What types of office parks should investors be targeting?

In suburbs like Macquarie Park and Mulgrave, office parks are experiencing rapid growth, but investors should be discerning, Paul Thornhill finds.

Over the last 25 years, there been a burgeoning growth in campus style business parks, first made popular on the outskirts of US cities like New York and San Francisco.

They’re an attractive option for investors looking to diversify their portfolio and gain yields of around 8.5%, higher than the 7%-7.5% yields typical for CBD-based offices.

Net Lettable Area growth: July 2003 - July 2013

Net lettable area growth: July 2003 – July 2013

So what’s driving this shift? According to Colliers International, it’s all about tenant demand for an operation base which allows their workforce to take advantage of mobility and connect with their customers.

When RealCommercial spoke to Rob Joyes, National Director of Investment Sales & Office Leasing at Colliers International, he explained that mobility was the key to understanding the this sector’s growth and where the best investment opportunities lie.

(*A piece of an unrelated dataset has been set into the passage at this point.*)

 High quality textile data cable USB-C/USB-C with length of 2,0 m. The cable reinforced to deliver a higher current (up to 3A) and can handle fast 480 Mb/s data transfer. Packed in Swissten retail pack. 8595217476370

“Investors should be focusing on locations with great connectivity – driven by freeway access and bus and rail transport.”

“Outer suburban locations are popular with industry sectors like pharmaceuticals and civil construction as these businesses need their workforce to get out and around in their car to do their business.”

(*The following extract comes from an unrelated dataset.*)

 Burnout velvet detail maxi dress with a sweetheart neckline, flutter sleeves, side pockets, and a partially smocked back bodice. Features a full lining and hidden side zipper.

“Inner suburban locations, 5-10 kilometres from the CBD, tend do better with fashion and IT companies that have a younger workforce who train, bike or even walk to work. Tenants tend to cluster around each other, creating precincts based on a particular sector.”

With business parks increasingly filled with like-minded tenants, the makeup of these clusters provides the key to assessing an investment target.

When reviewing a property, investors need to look beyond current yields and the quality of the mandates and examine the tenant composition closely. If a cluster is centred on an industry with good prospects, it’s likely to have better prospects than one with a challenging trading future.

The other factor to bring into the calculation is the whether the complex creates a village-like atmosphere and as Joyes puts it, “provides everything an office worker needs from 6am to 7pm, especially services like quality cafes, childcare and gyms.”

The accent on mobility started me thinking of the potential downsides, given we’ve just had a week where fuel became suddenly scarce in Sydney and Melbourne. Could transport issues play any part in the outlook for these business parks?

“We’ve seen some talk by state governments about congestion levies in the CBD,” Joyes told me, “and this is a factor employers are now considering when evaluating a location.”

For the immediate future, Joyes says that while yields contracted last year, they have now held steady for 12 months.

“I don’t think we’ll see any further compression until business confidence feeds into the general economy and takes hold, perhaps next year, when we should expect a further compression of around 50 basis points.”

It’s not been an even development pattern though, as the chart shows, Brisbane and Sydney have demonstrated a big appetite for suburban business parks, while Melbourne and Adelaide have seen more CBD-based office development.